The Twelve Days of AWS: SQS

12 Days of AWS Day 1 written around snowflakes with a penguin building a snowman

Simple Queue Service (SQS) is an indispensable tool for many batch operations and concurrent events within, and even outside of, the AWS infrastructure. There are two types of queues: Standard or FIFO. The standard queue, where messages enter the queue and exit in the most performance effective manner, can be batched into groups of messages and can be used to trigger Lambdas. The other kind is FIFO (First In First Out) queues where, as the name suggests, the first message to enter the queue is the first to exit, which guarantees a specific order, but these queues cannot be used for triggering Lambas, among other limitations.

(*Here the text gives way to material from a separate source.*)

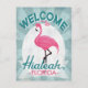 Hialeah Florida pink flamingo. In vintage travel posters style, it says "Welcome To Hialeah, Florida" in pink, white and mint green turquoise.

An example of a use of SQS that I have implemented recently would be parsing large files from S3 via a Lambda, splitting up the task into parts by creating smaller subtasks and assigning each one to an SQS message. This in turn fires off another Lambda which does the heavy lifting on that part of the larger task. This can be very useful if you have resource limits that are being hit, and you don’t need something to happen in a specific order.

Another example is the chaining of events in both Drupal and AWS, using aws_sqs module, which is designed to run Drupal queues in AWS. Queue API in Drupal, unlike Batch API, does not need to run the tasks immediately but whenever possible, and entities are entered into a Queue for later processing. AWS SQS provides an AWS-based implementation of the Queue API backend, and is targeted specifically for use within Drupal, with a specific message format. As I was not using the Queue API, and needed extra parameters in the message not supported by Queue API, I created a custom implementation of the module class file to include JSON data, and then fired off an SQS on the completion of a task in Drupal. This then triggered a Lambda to run Data Pipelines in AWS.

SQS messages are persisted for a specified amount of time, and are designed to be polled by the systems that use them. Once a message is received it is cleared from the queue so only one recipient is able to process a message. This is perfect for distributed systems where if any part of the system is down, it will have a chance to recover and continue, and no subsequent task will be duplicated.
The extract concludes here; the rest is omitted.